BAVANI: I wouldn’t say that they can’t reach me. We use Slack at Beyond 12 as our communication method. And they know that they can @ me in Slack so that I get a notification. And I don’t look at every single notification that comes across. But if I see one from somebody on my team, I do take a look at it to see whether they’re stuck in some way.
But I think there’s also a proactive component about setting them up with their network of resources within the organization, because it wouldn’t be great if I was ever the only person who had a specific answer anyway. So what they know is they have themselves as a resource. They have their team channel that they can ask questions out loud. And this is actually something that I provide development with early in people’s internships is when they come to me with questions, I almost always say, “That’s a question that you could ask in the channel,” because then there are more people listening who might be able to answer. And usually, I’m not the only person who could answer a specific question. And then, of course, they know who the other people with more experience or in higher up roles in the organization are. But that’s a little bit more intimidating for them to approach somebody that they don’t work with on a regular basis who they think of as more senior.

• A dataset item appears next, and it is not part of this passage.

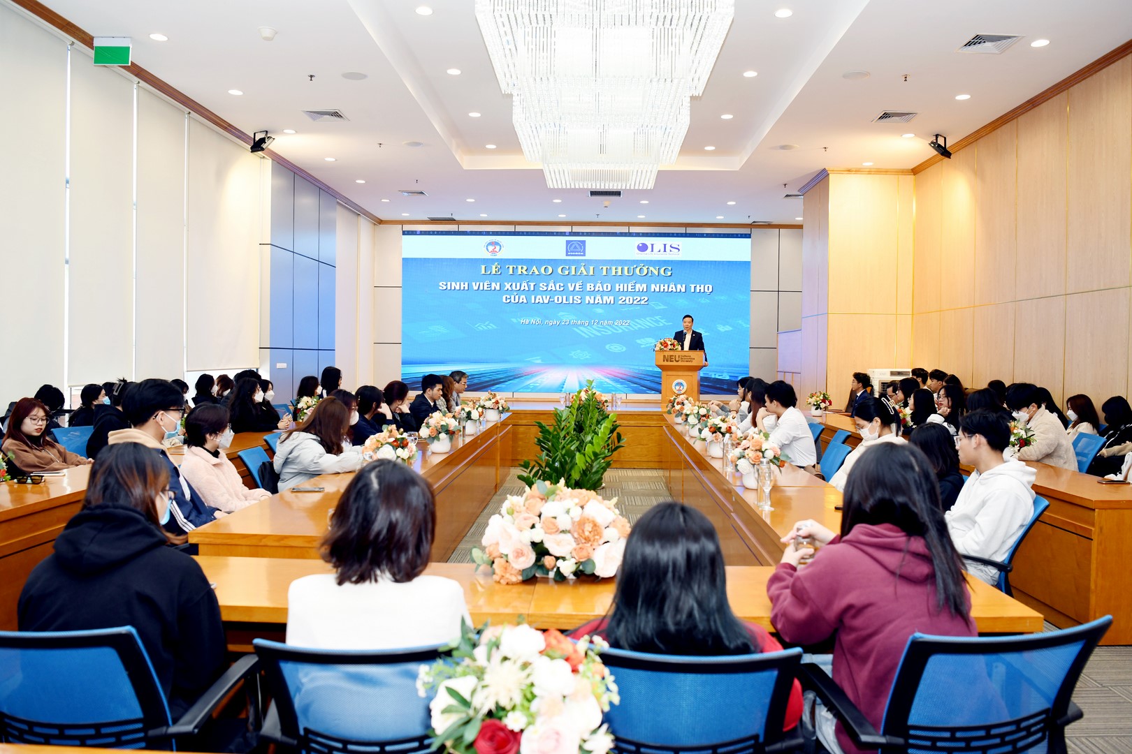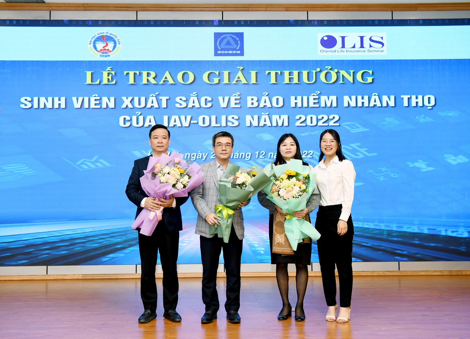Sáng ngày 23/12/2022, Trường Đại học Kinh tế Quốc dân phối hợp với Hiệp hội Bảo hiểm Việt Nam tổ chức Lễ trao giải thưởng sinh viên xuất sắc về bảo hiểm nhân thọ của IAV-OLIS năm 2022 dành cho sinh viên khoa Bảo hiểm.

One more component is that I do have specific availability for them. So I have my standing one-on-ones with them and I have time set aside as office hours where they know, like the only thing I’m doing is waiting for them to ask me a question.

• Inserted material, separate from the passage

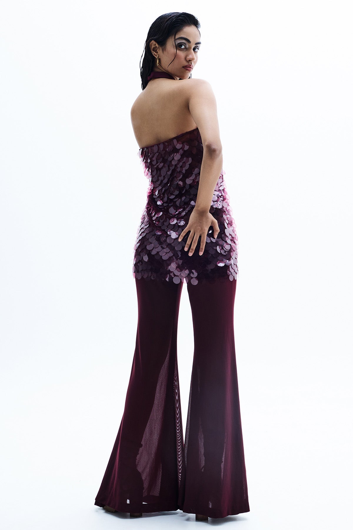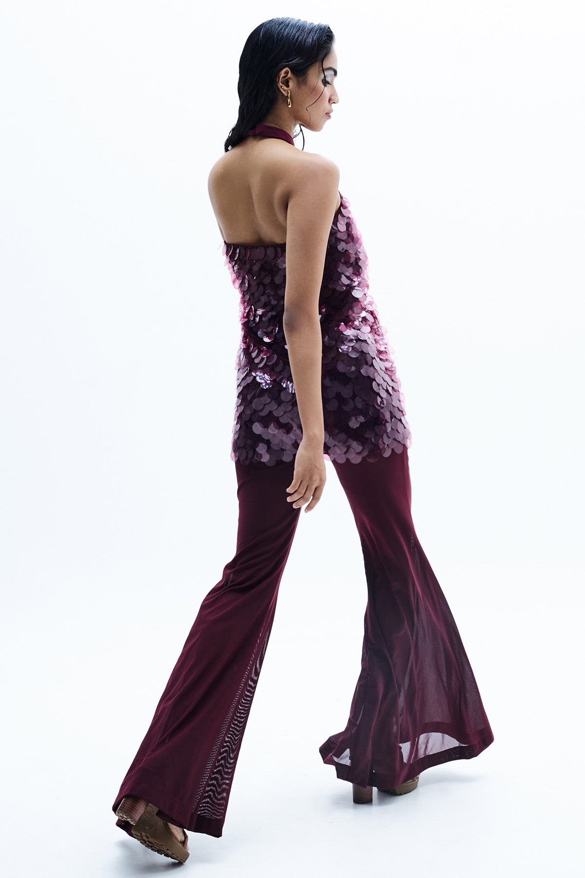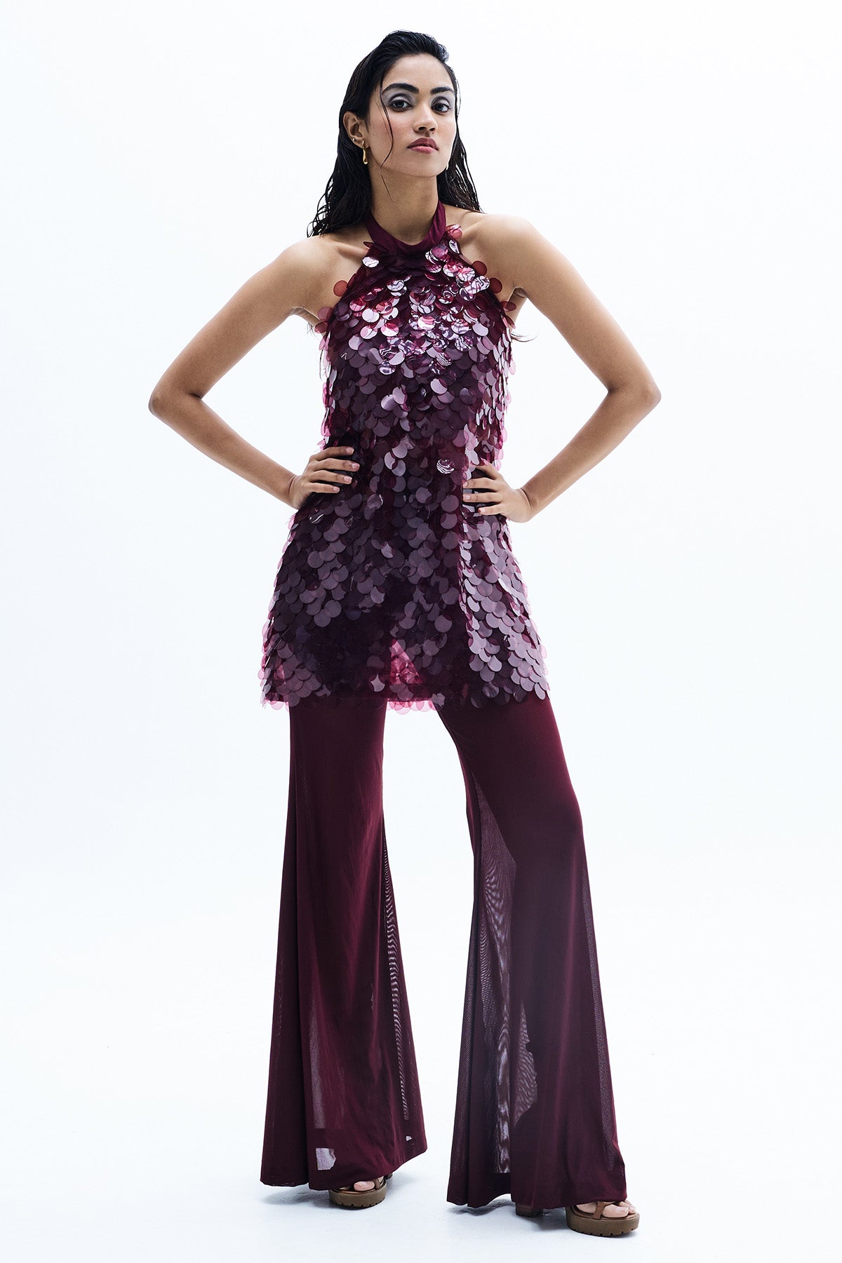 Maroon chiffon and net co-ord set with sleeveless sequins top and matching pants

JENNIFER: Well, I have so many questions. Let’s see where to start. How often do you have one-on-ones with your reports?
BAVANI: I do one 30-minute meeting every two weeks for most of the student interns, and that’s because they work part time. So, I don’t want to take up a huge fraction of their time. Earlier in the summer, with interns who are working full time, I will do them every week until they are kind of up and running and don’t need as much support. I try to keep those one-on-ones as the big picture of how their internship is going. We’ve kind of come up with stuff like, “Oh, I’m having some friction with this person,” or, “I don’t know how to use this specific system.” But I also wanted to include what is your current project that you work on? What is your career goals? What are you hoping to get out of this internship? So that’s the space that I hold for it. And if they start asking me nitty gritty questions, we actually schedule a separate conversation about, like, how do I use JIRA? How do I use SQL. We then invite other interns too, if it’s relevant. We keep the space as really a mentorship moment.
JENNIFER: How about when you hold office hours? One thing I’m wondering about there is when I’m seeing office hours held by managers in the past, myself included, it feels like they either don’t get used or only one person uses them. Have you found the office hours to be effective for yourself?
BAVANI: It varies. And the situations in which it is the most successful are times when I am in the office and visible, and so are they. There was one summer that I had eight interns and they sat – we were working on this coworking space and they sat at this funny desk with arms, like two or three of them [inaudible] of the table and I was kind of in the middle. And I was working on whatever I was working on, but I was right in front of them and they could just say, “Hey, Bavani,” and I would turn around and look at them and ignore whatever else I had been doing. And they knew that that was like a good time to talk to me. At times when we’re not all in the office or when I can’t be in the office, then it’s helpful to say, “Here I am online. Reach out if you need anything right now because I’m available for you.”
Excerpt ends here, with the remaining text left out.